I consider the Cosmological Argument the best argument for a creator God. Given the theme of this blog, I don’t consider it a particularly good argument, but it is the best none the less. What follows is the most fair, if not conclusive, rebuttal I have to give.

The argument from the origin of the universe, or the Cosmological Argument dates back to the beginning of apologetics. If you are interested in the history, Google it. I plan on skipping ahead to the modern version of the argument sometimes called the Kalam cosmological argument.

  1. Whatever begins to exist has a cause.
  2. The Universe began to exist.
  3. Therefore, the Universe had a cause.
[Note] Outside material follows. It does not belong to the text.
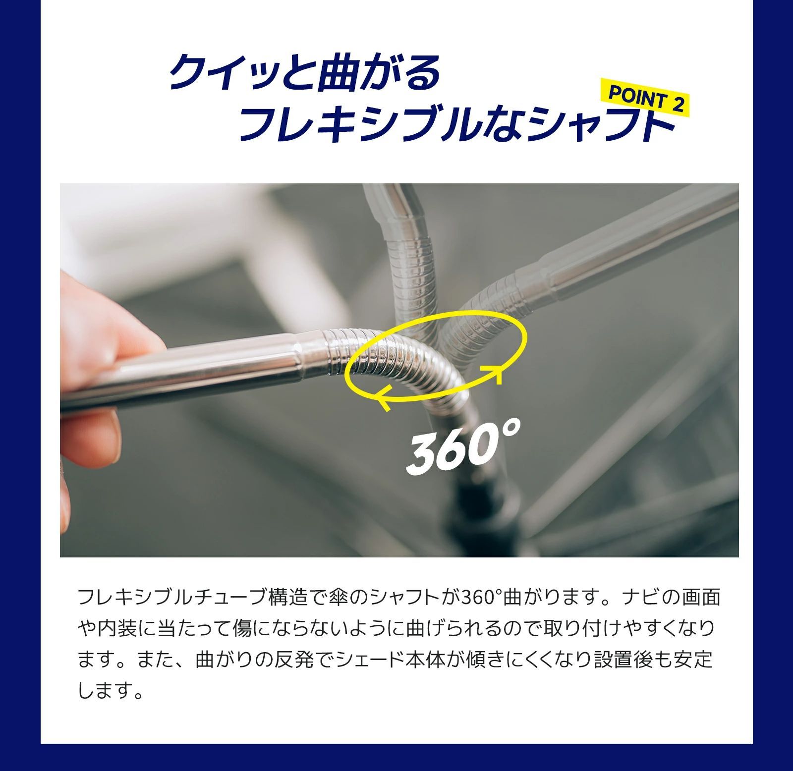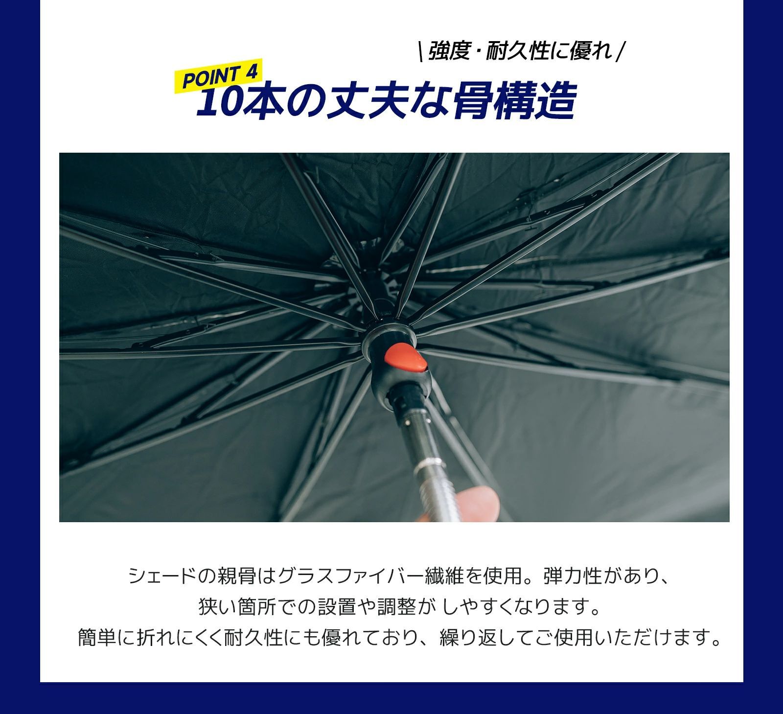 骨組みには、頑丈な黒鋼骨製の10本の傘骨を使っているから、吸盤や接着剤のサンシェードよりも、ずっと長持ちするんです。

This form of the argument is meant to avoid the easy dismissal of “if everything that exists needs to have a cause, then what caused God?” and the fallacies associated with it. It is implied that God did not begin to exist while the universe did.

It is one of those rare cases that a scientific discovery seemingly hurt the atheistic position. It is hard to argue that the universe did not begin to exist after the Big Bang Theory. Luckily, there are still multiple avenues of rebuttal.

  • There is no evidence that there is a God, eternal or otherwise, other than the universe’s existence. (If you consider the other arguments that apologists pose as further evidence, stay tuned, I will take them on in future posts.) The idea of a willful, intelligent, universally powerful entity is an extraordinary claim--which, according to Carl Sagan who I happen to agree with, requires extraordinary evidence. At best, God is a hypothesis that can’t be tested, makes no predictions, and contributes little to explaining how we came to be.
  • There are other ideas in theoretical physics that could account for the cause of the Big Bang. For example, the theory of Loop Quantum Gravity says that our universe was preceded by an identical, reversed universe that contracted into the singularity that expanded into our universe. There are multiple theories involving the notion of a multiverse, including one where ours is just a bubble universe that emerged from quantum foam. Actually, the word “quantum” comes up a lot, which is a hard concept to sell to someone who believes the much simpler idea of a creator. None of these theories have much hard evidence behind them, but the fact that we have found elementary particles that pop in and out of existence and can possibly travel through time, makes them all stand on a better foundation of reality than a supreme being existing outside of space and time.
  • God would have to exist outside space and time and we have no evidence that there is such a place. The downside of the updated Kalam cosmological argument is the same as it’s advantage--taking into account the Big Bang. The Big Bang did not only explode out matter and energy, but also space and time. It’s not accurate to think of “before the Big Bang” because chronologically “before” didn’t exist. To be an atheist, you only need to accept that the universe either didn’t have a cause, was self-caused, or has a natural cause that we don’t yet understand. To be a theist, you need to accept a variety of magical concepts.
  • To posit God is explaining one mystery with another mystery. To most believer’s the buck stops at God, there is no point in trying to understand anything further, because we can’t know the Mind of God. As a proponent of science, I prefer to increase humanity’s collective knowledge and learn more about reality. It is the drive that got us to the moon, split the atom and, like it or not, is making the world more secular. Stopping with God gets us the dark ages. If you insist in believing God did all this, don’t sit on your laurels, find some way to prove it. If you don’t, science will prove you wrong.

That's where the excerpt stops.